Poi inizi a usare i biberon, e sterilizzarli nel pentolone è una tragedia, hai casa piena di pentole sporche, senza contare che poi non sai dove mettere i biberon sterilizzati, e comunque l’acqua di Roma è durissima, e ti si riempiono di calcare. Oh, guarda, esiste lo sterilizzatore a vapore: mio!
Insomma, avete capito. Il vero business sono i bambini. I genitori comprerebbero qualsiasi cosa per semplificarsi la vita col pupo o assicurargli il meglio disponibile sulla piazza. È un mercato probabilmente non vastissimo, considerando che l’Italia è praticamente a crescita zero, ma incredibilmente redditizio. Prendiamo lo sterilizzatore a vapore. Niente più che uno scatolotto di plastica con sotto una resistenza che scalda l’acqua, più un cestello per alloggiare i biberon. Praticamente un bollitore per il thé. L’anno scorso un bollitore l’ho pagato qualcosa come venti euro, e fa egregiamente il suo lavoro. Sapete quanto costa lo sterilizzatore? 95 euro. Comodo è comodo, per carità, ma 95 euro per una resistenza e un po’ di plastica?

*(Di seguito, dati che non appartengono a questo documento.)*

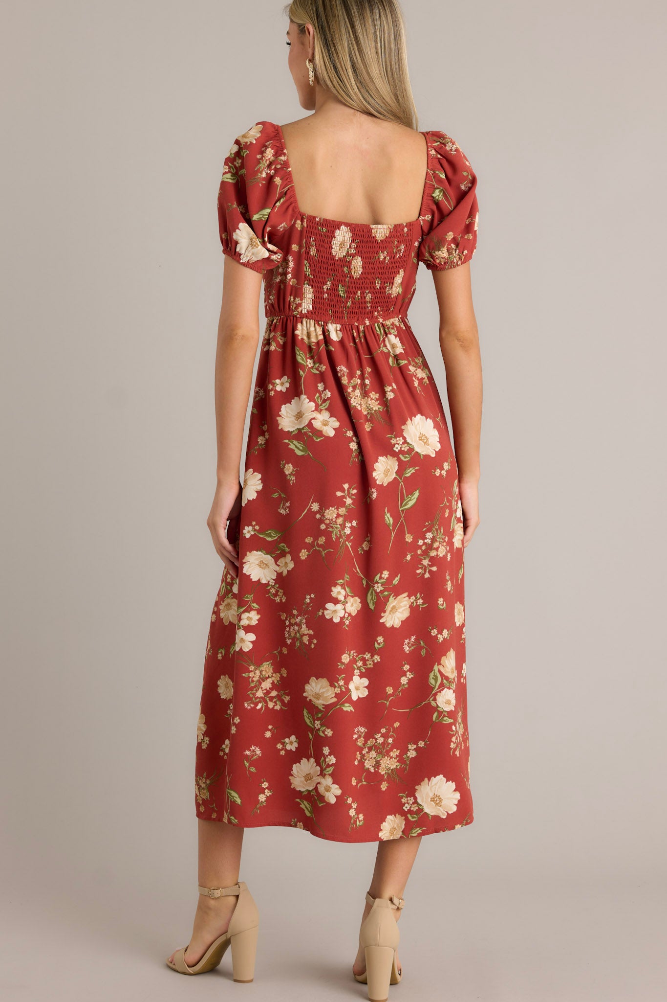 The Wish You Were Here Burnt Orange Puff Sleeve Midi Dress will have you standing out at any event. The unique color and trendy puff sleeves add a touch of flair while the midi length provides a classic and elegant look. Perfect for any occasion, this dress will make you wish you were there. This burnt orange dress features a square neckline with a slight v-neckline, a floral design, a smocked back insert, a slit in the left leg and short cinched puff sleeves.
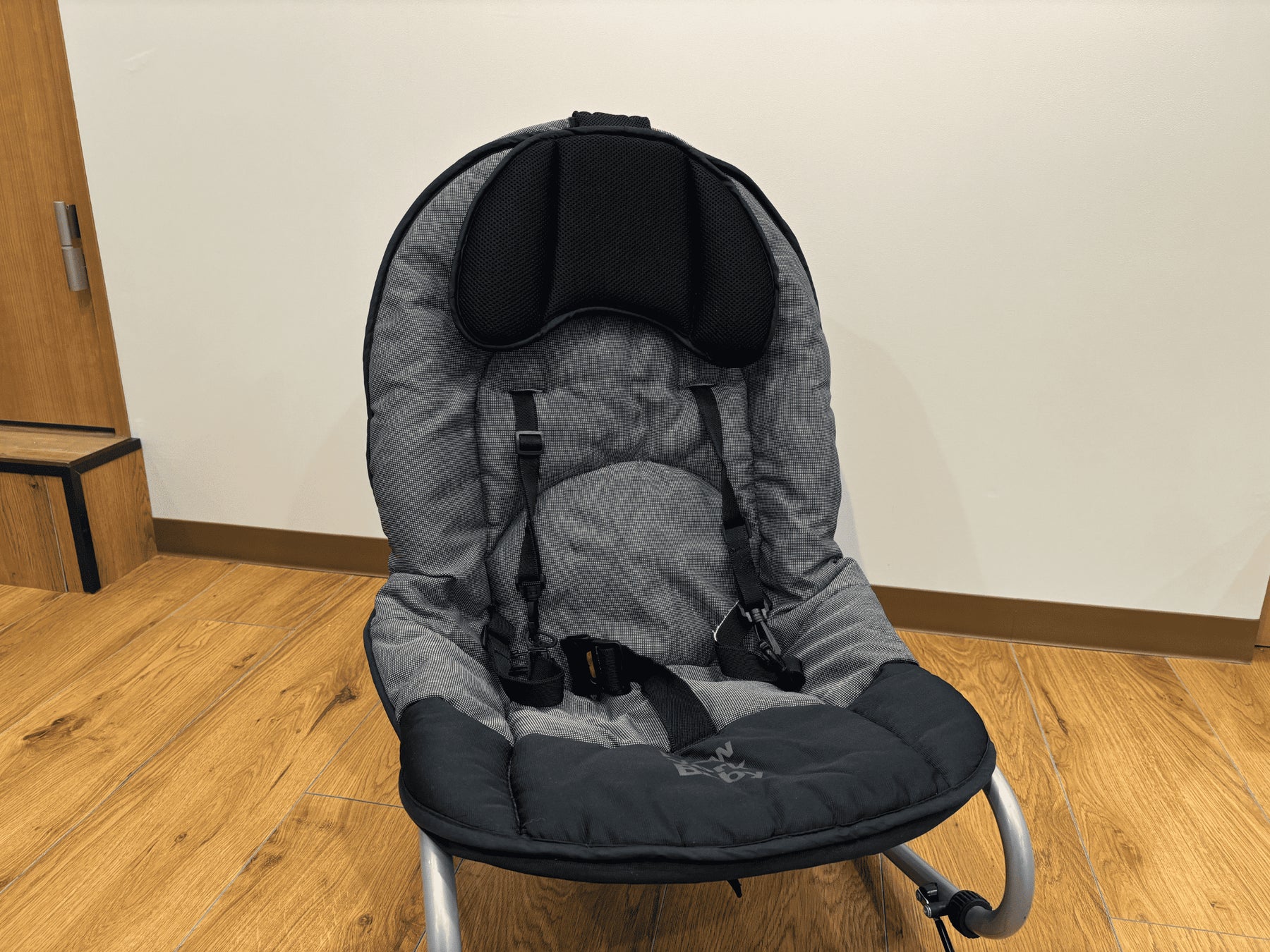 ベッドが苦手なお子様のために、バウンサーもご用意しております。
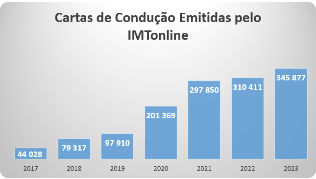 Desde o lançamento do IMT Online, em 2017, foram registados um total de 1.376.762 pedidos relativos a cartas de condução, 23.327 pedidos de cartão de estacionamento para pessoas com deficiência condicionadas na sua mobilidade, 76.794 pedidos de 2.ª via de certificado de matrícula e também 37.662 pedidos de alteração de cor de veículos, entre outros. Em setembro de 2019, o Instituto da Mobilidade e dos Transportes (IMT) digitalizou ainda o pedido de cartão tacográfico de condutor que, até ao final de 2023, registou um total de 93.260 pedidos.
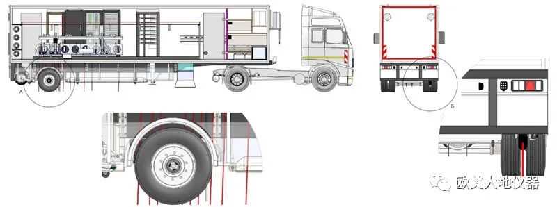 •为测量挂车承重后轴轴后和轴前位置路面响应,挂车和车轮轮毂经过了特殊设计制造时。
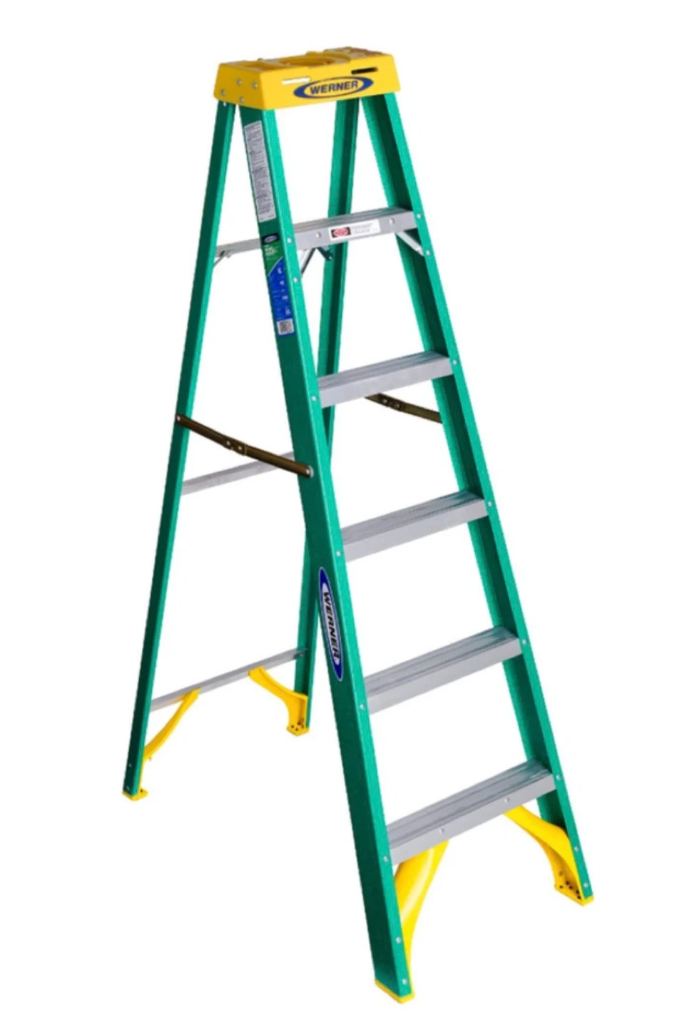 10Selling a Werner 6 ft fiberglass step ladder. It's used but in great condition ready to help with your next project! The ladder is green with yellow accents.
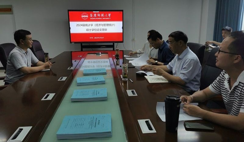 在M207会议室举行了2024届统计学硕士研究生学位论文答辩会议,2022级、2023级硕士研究生进行了旁听。遵循学科相近、导师回避原则,本次答辩委员会主席为安徽师范大学马骥教授,答辩委员会成员为杨国才教授、王全忠副教授、赵亚娟副教授、丁玉龙副教授。
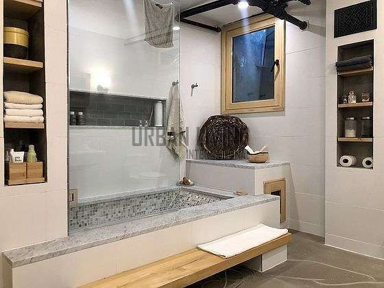 The main entrance of this duplex apartment gives you access to a small open hallway which leads on the left side to the living room and at the end, also on the left side, to a walk through to the kitchen.
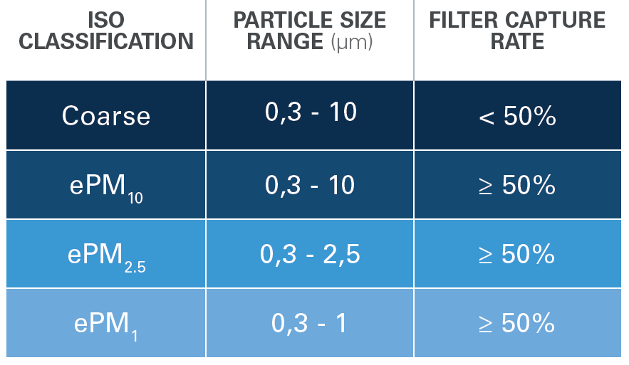 A ISO 16890 expressa a eficiência do filtro com base no nível de proteção alcançado contra o tamanho da matéria particulada (PM) em quatro categorias: Grosso, ePM10, ePM2,5 e ePM1.

Ed è tutto così. Qualsiasi cosa legata al neonato costa il doppio di quanto dovrebbe, se ti va bene. Senza contare che il 90% dei prodotti per la cura dei bambini sono sostanzialmente superflui. Voglio dire, i nostri genitori sono stati tirati su con una coperta e quattro teli di cotone per pannolino, e la specie umana non si è estinta. Conosco amiche che se cade per terra il ciuccio al ristorante, lo ficcano nella coca cola e lo ridanno all’infante, che ugualmente è venuto su bene senza incorrere in colera o peste bubbonica. Eppure io sono caduta preda del vortice della sterilizzazione selvaggia. Sterilizzerei anche le mie mani, potessi, e i mobili di casa.
Il mondo dei prodotti per l’infanzia esemplifica perfettamente il modus operandi del consumismo: si creano bisogni fallaci per poi soddisfarli con acconcio prodotto.
Intendiamoci: quando le norme igieniche erano di tutt’altro genere arrivare ai 5 anni era un’impresa titanica, e lo è tutt’oggi in quei paesi in cui le condizioni di vita non permettono un’adeguata pulizia di cose e persone. E il discorso vale per tutto ciò che riguarda la cura del neonato: le cose sono migliorate, i bambini crescono meglio e più sani. Ma davvero c’è bisogno di due distinte creme per la pelle del neonato, una per il viso e una per il corpo? Davvero mia figlia deve avere un guardaroba che il mio gli fa un baffo (preciso che all’80% sono vestiti regalati da parenti e amici, ma confesso anche che quando entri in un qualsiasi negozio di vestiti per l’infanzia è davvero difficile resistere alla gonnellina, il vestitino, le scarpettine e via così)?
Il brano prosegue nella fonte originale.